What to produce: Using the data below, restate exactly every line from the one with "Career Counseling Distribution" up to and including the one with "TV 776 Imprinter". No picture belongs in it.
Exercise material: Begin
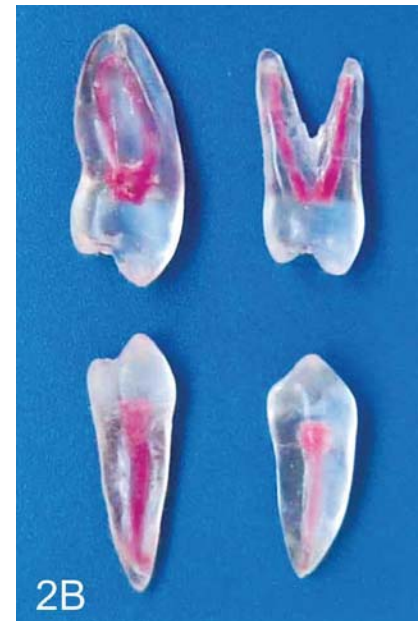
FIGURE 2B- Transparent resin premolars
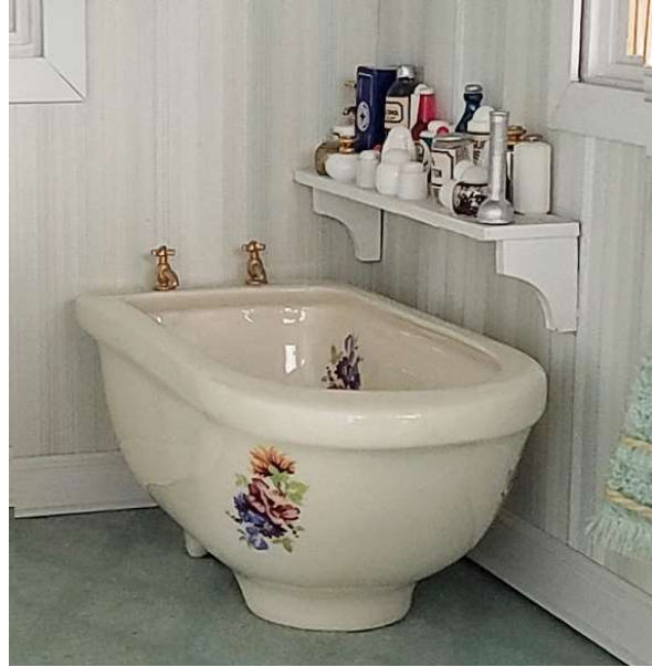
Detail of Upstairs Bathroom showing tub with hand painted floral design
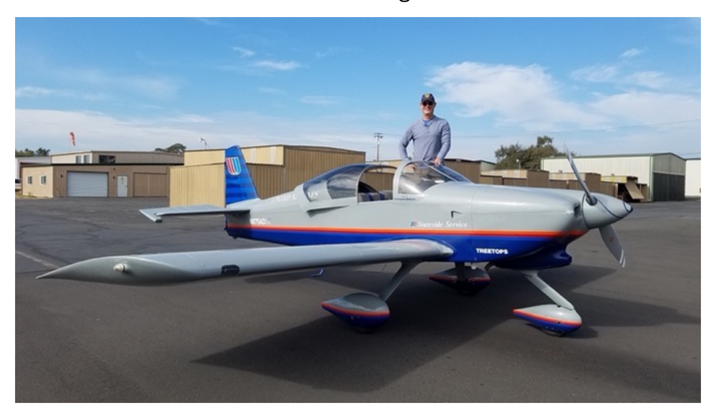
Our partners SVFD and REACH
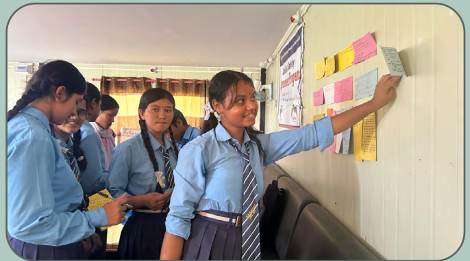
Career Counseling Distribution of Educational Materials
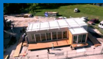
USF's Flex House during construction.

The University of Maryland took the overall trophy this year.
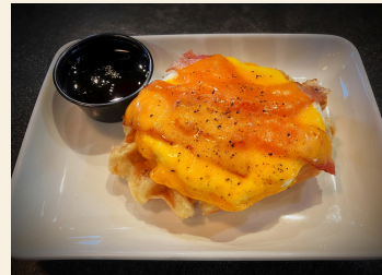
Open Faced Waffle Toasted maple waffle w/ egg, cheese & bacon
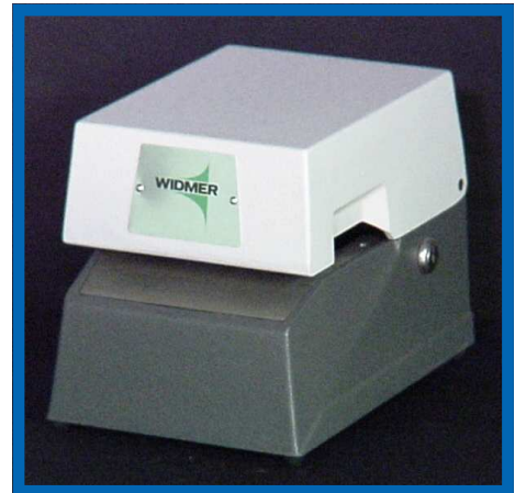
TV 776 Imprinter

Model TV-776 Electric Imprinter Will print the Agency seal , Official's signature , title and other appropriate text in tri-color or single color ink. Two printing heads enable numerous combinations of seal, signature, text, date and number. Options include security lock, guide shelf, LED time display, visual counter and others.
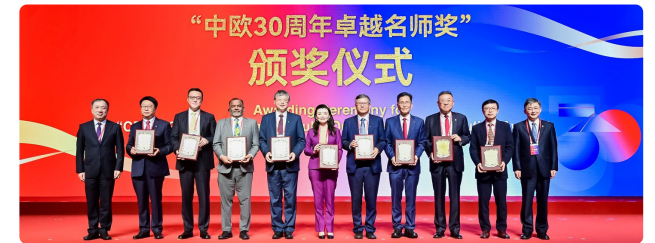
CEIBS Professors are each presented with the "CEIBS 30th Anniversary Outstanding Faculty Contribution Award"
Exercise material: End
Solved exercise:
Career Counseling Distribution of Educational Materials
USF's Flex House during construction.

The University of Maryland took the overall trophy this year.
Open Faced Waffle Toasted maple waffle w/ egg, cheese & bacon
TV 776 Imprinter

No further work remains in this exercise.